Gather conditioning
Since we calculate and apply migration velocity and Thompson's parameters there is still some under-corrections on far offsets that we need to flatten. g-Platform system contains special module for that task called RMO by picking (manual or auto).
Read seismic traces - seismic data. Load seismic data set after migration 0400_APSTM.
Sort traces. sorting by CDP - OFFSET:
Read seismic traces - velocity. Load gather migration velocity.
Create velocity model. Convert gather migration velocity into velocity model format.
Parameters:
RMO by picking. This module transforms seismic calculates velocity correction and corrects velocity model using residual moveout correction.

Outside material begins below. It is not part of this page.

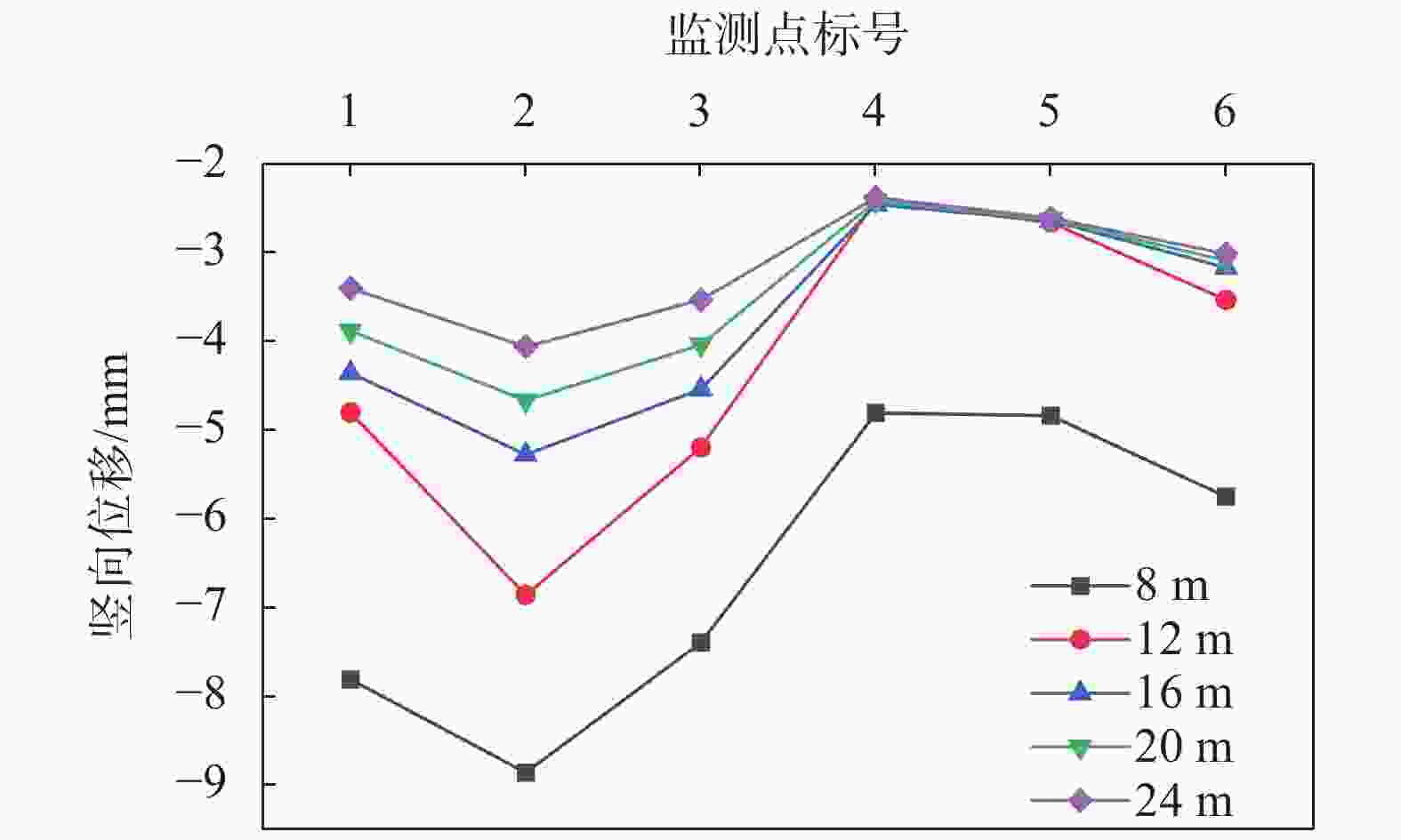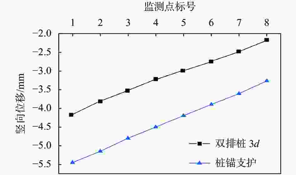图  14  不同支护体系下建筑物竖向位移

Define input data items and parameter:
Input data:
Switch off auto picker mode, because we are going to use manual picking of RMO.
Parameters:
Open all vista groups. Perform manual RMO picking on Velocity Analysis window and check on Output CIG gather. Input window does have time arrival curves. We need to pick CIG points with increment (i.e. 500 meters):
=================================
And add all necessary modules, connect all input and output data (trace headers, SEG-Y handlers):
1) Read seismic traces. Load seismic data set 0459_RMO.
2) Sort traces. Here we need to sort seismic traces for Seismic loop, add Sort traces module and set CDP-OFFSET headers for sorting:
3) Seismic loop. Connect trace headers vector (Input sorted headers) from the Sort traces module output and seismic (Input SEG-Y data handle) from Read seismic traces.
4) Trim statics. module can be used inside Stack Imaging or Seismic loop modules in two main types: Constant time and Time variant.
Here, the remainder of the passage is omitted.